» Dataset section:
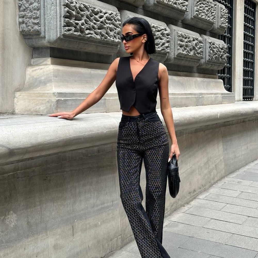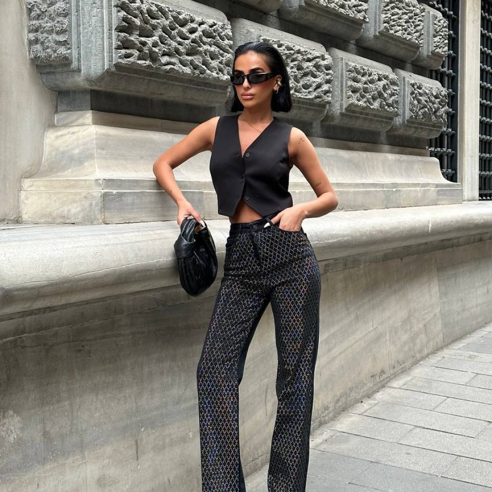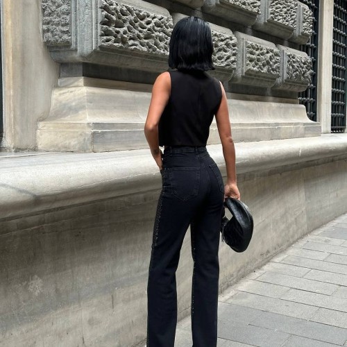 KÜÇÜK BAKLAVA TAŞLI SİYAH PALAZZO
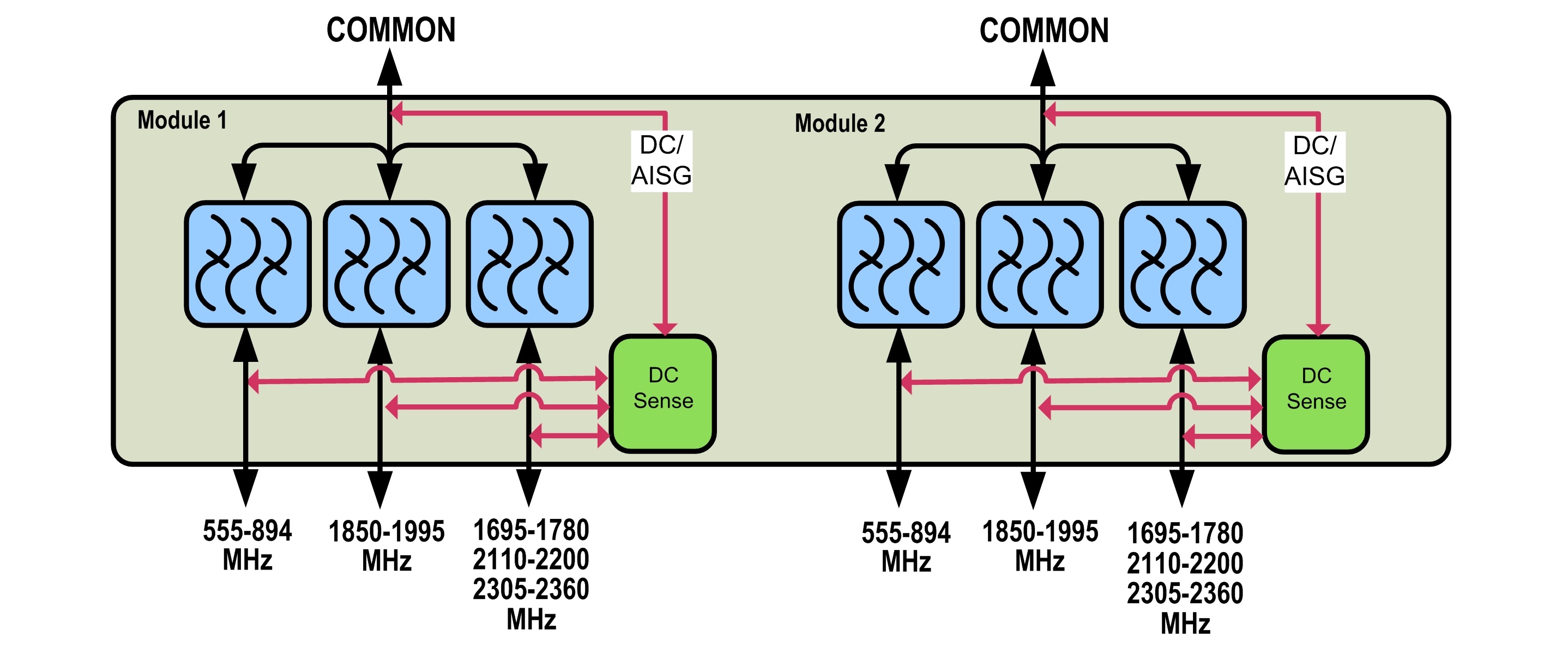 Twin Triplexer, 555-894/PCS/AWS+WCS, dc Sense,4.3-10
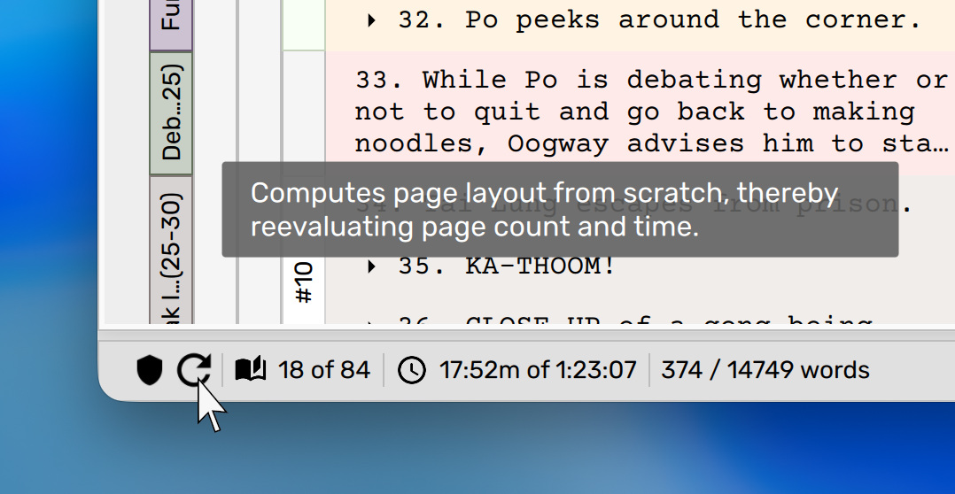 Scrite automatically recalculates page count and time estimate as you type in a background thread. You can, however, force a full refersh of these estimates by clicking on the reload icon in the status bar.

» Requirement:
Please repeat all of the data exactly as it stands, leaving the pictures out.

» Exercise result:
 KÜÇÜK BAKLAVA TAŞLI SİYAH PALAZZO
 Twin Triplexer, 555-894/PCS/AWS+WCS, dc Sense,4.3-10
 Scrite automatically recalculates page count and time estimate as you type in a background thread. You can, however, force a full refersh of these estimates by clicking on the reload icon in the status bar.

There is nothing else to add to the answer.